Questa prassi cui ci siamo tragicamente assuefatti al punto che chi contesta tali storture, chiedendo legalità, viene incriminato e definito “razzista” o “fascista” è foriera di giganteschi guai, cosa che da lustri ignoriamo. Ragioniamo: non siamo un Paese in espansione economica, in crescita, bensì afflitto da stagnazione, inflazione, carovita e chi più ne ha più ne metta. Gli stipendi sono fermi da decenni. I tassi di disoccupazione non sono felici. Eppure si pretende che l’Italia, ritenuta El Dorado, procuri una esistenza nuova e gaia e prospera a milioni di immigrati illegali che giungono qui a valanghe senza nulla in tasca e anche senza competenze da adoperare nella ricerca di una occupazione. E si pretende che noi li manteniamo, ce ne prendiamo cura, forniamo loro una casa, pasti, assistenza, supporto, tutto a nostre spese. Per quanto tempo? Per sempre.

La questione non dovrebbe essere: come distribuire i migranti sulla penisola. La questione da affrontare deve essere: come rispedire i migranti verso i loro rispettivi Paesi di provenienza. Qui non possono stare. Ce ne sono troppi in regime di accoglienza. Le strutture mancano. I bandi vanno deserti perché l’ospitalità non conviene più, ma genera danni e fastidi. Questo carrozzone dell’accoglienza funziona da sempre così: arrivano quelli nuovi e vengono sbattuti per strada quelli arrivati prima, in quanto bisogna pur metterli da qualche parte. Ed ecco che i livelli di insicurezza nelle città grandi e piccole, da Nord a Sud, crescono, aumentano le violenze di ogni tipo, dai furti con arma da taglio alle aggressioni e agli stupri. E spesso ci scappa pure il morto. L’ultima vittima è la signora sessantenne che a Rovereto è stata massacrata di botte da un nigeriano già noto alle forze dell’ordine. Ormai questo è il nostro pane quotidiano, fatti all’ordine del giorno. Basta fare un giro intorno alle stazioni centrali di qualsiasi cittadina per rendersi conto del mare di disperati che campano sul marciapiede, clandestini che abbiamo accolto anni fa o mesi fa e che sopravvivono di espedienti seminando un clima di terrore.

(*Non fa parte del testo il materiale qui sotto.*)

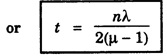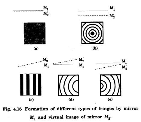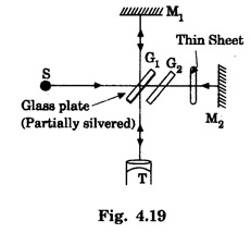 n = 0, 1, 2, ... Case 1: When M'2 coincides with M1 i.e., the paths are exactly equal, the path difference is only λ/2. Therefore, the field of view is perfectly dark as shown in fig 4.18(a). Case 2: M1 is moved either forward or backward parallel to itself. Now, mirror M1 is exactly perpendicular to mirror M2, i.e., mirror M1 and virtual mirror M'2 are parallel. When an air film of constant thickness is enclosed between mirrors M1 and M'2 we observe sufficiently spaced circular fringes as shown in fig. 4.18(b). Case 3: When mirror M1 intersects the virtual image M'2, the air film enclosed is wedge shaped, and straight line fringes are produced as shown in fig. 4.18(c). If virtual image M'2 lies just above the plane of mirror M1 and they are not perfectly parallel, the fringes produced are curved as shown in fig. 4.18(d). If the plane of mirror M1 lies above the plane of virtual image M'2 and they are not perfectly parallel, the fringes formed are slightly curved as shown in fig. 4.18(e). It is used to find (i) the wavelength of a given light source. (ii) the refractive index and thickness of a transparent material (iii) the resolution of wavelengths (iv) the standardisation of metre Using monochromatic light of unknown wavelength λ, Michelson's interferometer is adjusted for circular fringes. The position of mirror M1 is adjusted till a particular bright fringe coincides with the cross wire. Now, micrometer screw reading is noted. When mirror M1 is slowly moved, the number of fringes n that moved across the field view of the telescope is counted. This may be in the order of 20 or 30 fringes. Again micrometer screw reading is noted. The distance d moved by the mirror is given by the difference between initial and final micrometer screw readings. When mirror M1 is moved through a distance λ/2, the path difference changes by λ. The position of a particular bright fringe across the cross wire is replaced by the next bright fringe. For one fringe shift, the distance moved by the mirror M1 is λ/2 (half of the wavelength). Let mirror M1 move through distance d and the number of fringes that crosses the field of view be n. For the shift of n fringes, distance moved by mirror M1 = d = nλ/2 Knowing d and n, the wavelength of monochromatic light λ can be calculated. For this purpose, a thin film of refractive index μ is introduced in the path of one of the interfering beams (Fig. 4.19). If the thickness is t, then the path of the beam is increased by (μ - 1). Therefore, the path difference between the beams becomes 2 (μ - 1)t. Suppose due to this path difference, n fringes move across the field of view. Then, 2(μ - 1) t = nλ If μ, n and λ are known, thickness t can be calculated.Principle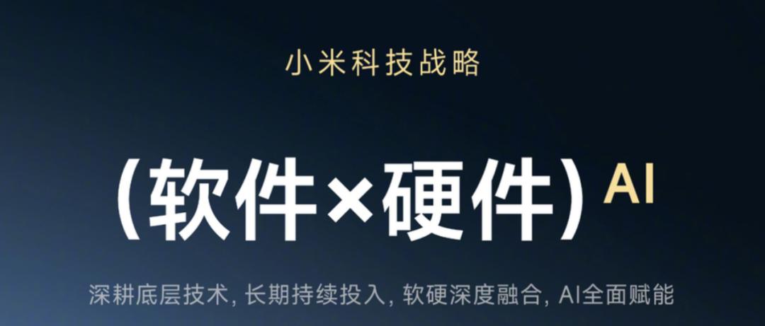 在去年的年度演讲中,雷军就宣布了小米科技的新战略:深耕底层技术、长期持续投入,软硬深度融合,AI全面赋能,总结为公式 (软件×硬件) ᴬᴵ。即,把AI放在所谓的“次方”地位。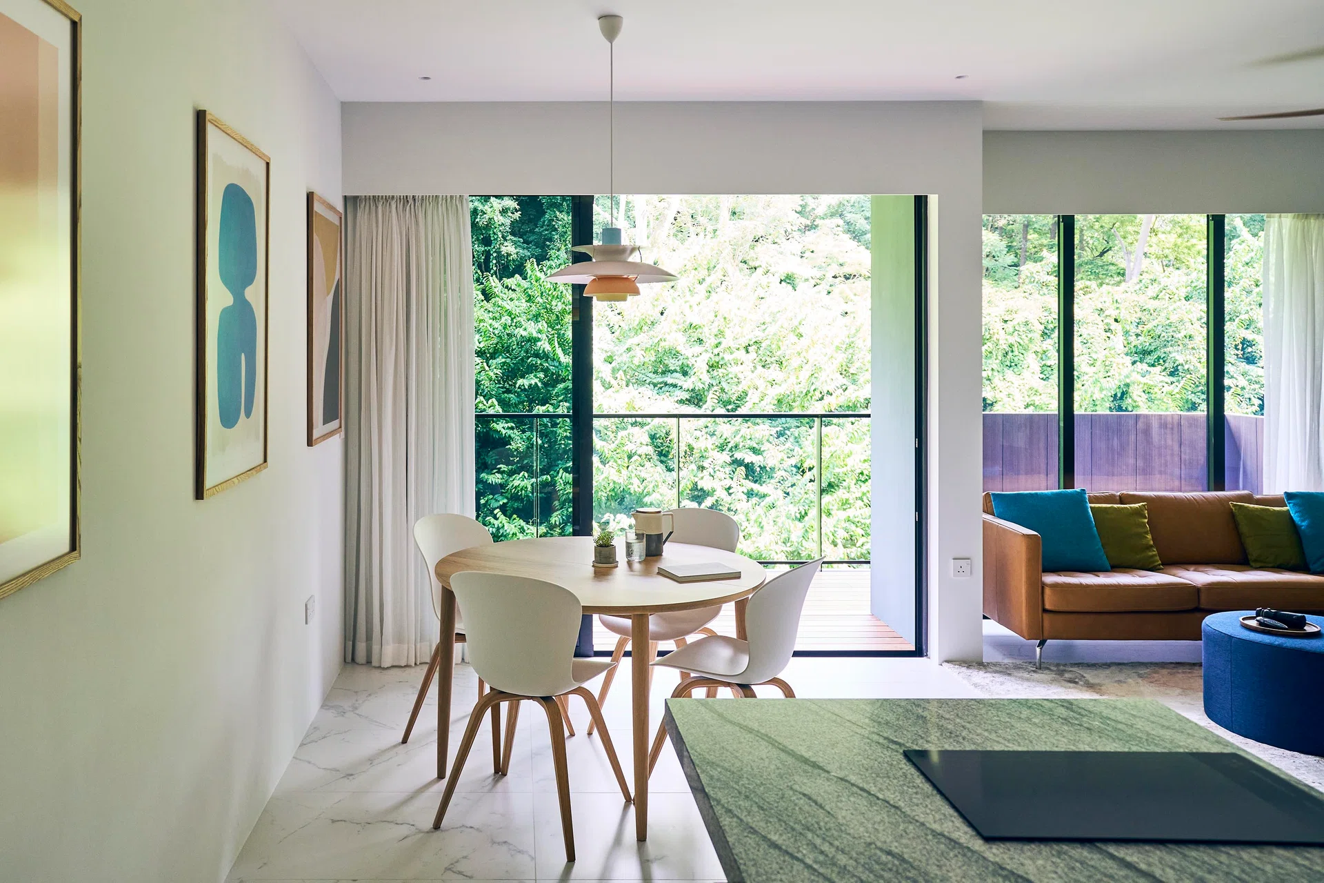 The expanded living and dining areas now open onto the balcony, framed by full-height windows that draw in greenery and light. “The design intent was to create openness and flow while maximising the outdoor connection,” they share. Even the TV placement was reconsidered, positioned along the corridor wall so the living area remains focused on the lush view.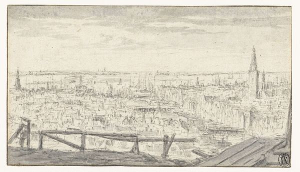 Georges Michel created "Begin van de stad" using graphite, resulting in a study of urban space with a subdued, almost ethereal quality. The composition is structured around a horizon line that divides the sky from the urban landscape below, giving us a sense of depth and distance. Michel employs delicate, linear strokes to define the buildings and structures. Notice how the density of the lines varies across the sketch, creating a textural contrast that animates the scene, evoking a mood that blends melancholy with a sense of historical observation. In the historical context, Michel's work provides insight into the shifting cultural values during a period of rapid urban expansion, suggesting how the formal elements of the drawing contribute to its content, turning a simple sketch into a reflective commentary on urbanization and change. The use of line and light captures the transient state of a city in perpetual transformation, inviting us to ponder the relationship between the built environment and human experience.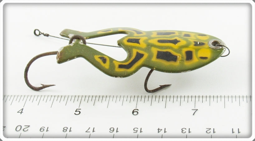 This is a nice old Heddon Frog Finish Spoony Frog lure # 3209B that was sold on Tough Lures! Vintage and antique fishing lures are added for sale often so keep checking back! I buy old lures so feel free to contact me if you have any to sell.

I sondaggi lo confermano, come quello di Alessandra Ghisleri, presidente di Euromedia Research: gli italiani temono le terribili conseguenze di una accoglienza fatta senza discernimento, senza limiti, senza regole, basata su un unico criterio, ovvero “si fa entrare chiunque”. Un principio di illegalità che non contiene nulla di umano e razionale ma che pure si sta affermando, anzi si è già affermato, come parametro assoluto, indiscutibile e giuridicamente giusto. $ già troppo tardi per cambiare rotta, evitando le ripercussioni di politiche disastrose protrattesi per decenni, e questa è la ragione per la quale non possiamo più perdere tempo. Insisto: occorre proteggere le frontiere, porre un argine deciso all’accoglienza, senza tentennamenti, lo vogliono gli italiani, è necessario rispedire a casa tutti coloro che non hanno titolo per permanere in Italia, inclusi i nuovi arrivati. Altro che distribuzione!